To avoid too depressing a report, I would grant that the book is well-researched and a great piece of scholarship, and there are few passages which evoke a HUH? One is his absurd assertion that "Latin American musicians had originated many of the tricky rhythms that figured in early jazz." Huh? Sooo . . . persons of African descent were unfamiliar with "tricky rhythms"? Is there no rhythm in African music? (We'd better send them some mambo records at once!)

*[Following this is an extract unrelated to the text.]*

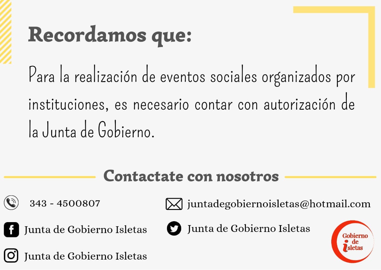 Desde la Junta de Gobierno de la localidad de Isletas, recuerdan que, independientemente del levantamiento de las restricciones por la pandemia, todas las instituciones deben solicitar la correspondiente autorización antes de organizar un evento social.

I can imagine that others are as disappointed as I am that many important composers receive scant attention, while every crackpot is treated as a visionary. The book's title is ironic, because Professor Ross chooses to at least mention every serialist, atonalist and microtonalist whose experiments ever emptied a theater, but nothing is said about Ralph Vaughan Williams or Alan Hovhaness. More lines are devoted to the (appallingly influential) rock band The Velvet Underground than to Gustav Holst. A flash-in-the-pan like Brian Eno receives almost a page, but there is no mention of William Walton, Ture Rangström or Alberto Ginastera. There are long passages devoted to Stockhausen, but Respighi doesn't exist. Dr. Ross examines such abstruse methods of composition as "stochastic music" and "aleatory music," but apparently he's unfamiliar with modern Neo-Romantic composers such as Marjan Mozetich. For many years now, concert audiences have been voting with their feet against atonal and experimental music, but to Professor Ross, it's the only music that matters (the salient exception being Jan Sibelius, who seems like he's in the wrong book).

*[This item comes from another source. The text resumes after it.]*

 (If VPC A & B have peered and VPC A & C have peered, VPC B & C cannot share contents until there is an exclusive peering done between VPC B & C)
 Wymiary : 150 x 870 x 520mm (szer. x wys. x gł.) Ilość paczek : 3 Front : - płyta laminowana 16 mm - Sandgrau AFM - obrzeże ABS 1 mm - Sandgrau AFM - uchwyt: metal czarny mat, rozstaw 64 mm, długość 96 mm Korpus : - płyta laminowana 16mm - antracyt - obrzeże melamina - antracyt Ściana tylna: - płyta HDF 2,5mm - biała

Why this should be is not difficult to determine. Young Ross has obviously been spending too much time examining musty artifacts in libraries and breathing the miasma of the academe. Moreover, Manhattan is not a healthy environment for an impressionable young man. What else could cause him to describe a concerto with such purple prose as, "Strings whip up dust clouds around manic dancing feet. Brass play secular chorales, as if seated on the dented steps of a tilting little church. Winds squawk like excited children. Drums bang the drunken lust of young men at the center of the crowd . . . even if some walk away with bruises."
Duuude !?!
Excellent. October 30, 2007 23 out of 27 found this review helpful
The book is great. GREAT!!! As a classical musician, I really appreciate the time and effort Mr. Ross puts into writing and discussing the state of music today. There are MANY great stories and a ton of great information in "The Rest is Noise", and I look forward now to reading it a second time. I learned a great deal about some my favorite composers, as well as composers I did not know very much about. It's been several years since I took my music history classes at college, and this was a great refresher and an eye-opener in many respects. Thank you for the wonderful book!! Highly recommended.